Rick Shrader‘s Review:

This is a Focal Point Series book of which Gene Edward Veith, Jr. is the general editor.  The subtitle of the book is “The Veneration of Visual Imagery in the Postmodern World.”  Hunt takes the reader from the world of the Scriptures, given in verbal form, to the Reformation and then to the modern day.  He shows how we have gone from a print society to an image-driven society.  The danger has been, and is today, that idolatry is image driven and today’s culture is totally immersed in image.  Along the way Hunt gives many interesting historical anecdotes about the coming of the new inventions that produced the industrial age and then the information age.  Hunt follows Neil Postman closely and also Veith.  Postman’s books (Amusing Ourselves To Death, Technopoly, etc.) and Gene Veith’s books (Postmodernism Today, Reading Between The Lines, etc.) have been among many that are warning us about the downside of Postmodernism.

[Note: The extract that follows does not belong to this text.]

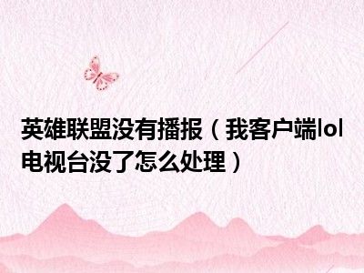 相信目前很多小伙伴对于我客户端lol电视台没了怎么处理都比较感兴趣,那么小编今天在网上也是收集了一些与我客户端lol电视台没了怎么处理

“When I said in Chapter One that visual media have the potential to paganize us, I simply meant that in a culture where it is difficult to escape the pervasiveness of images, the devotion that we put into the ritual of watching television, going to the movies, attending rock concerts, or devouring the latest People magazine approaches the same level of devotion that the Egyptians, Babylonians, Greeks, and Romans had for their deities.  It meets the same need, and quite remarkably, the images are all too familiar.  The cult of celebrity fills a religious hole dug by modernism.  William Blake once said that all deities reside in the human breast (all but one, of course).  So it was for the Greeks, and so it is for us.  The machines of show business brought the gods back to life.”  (163-164)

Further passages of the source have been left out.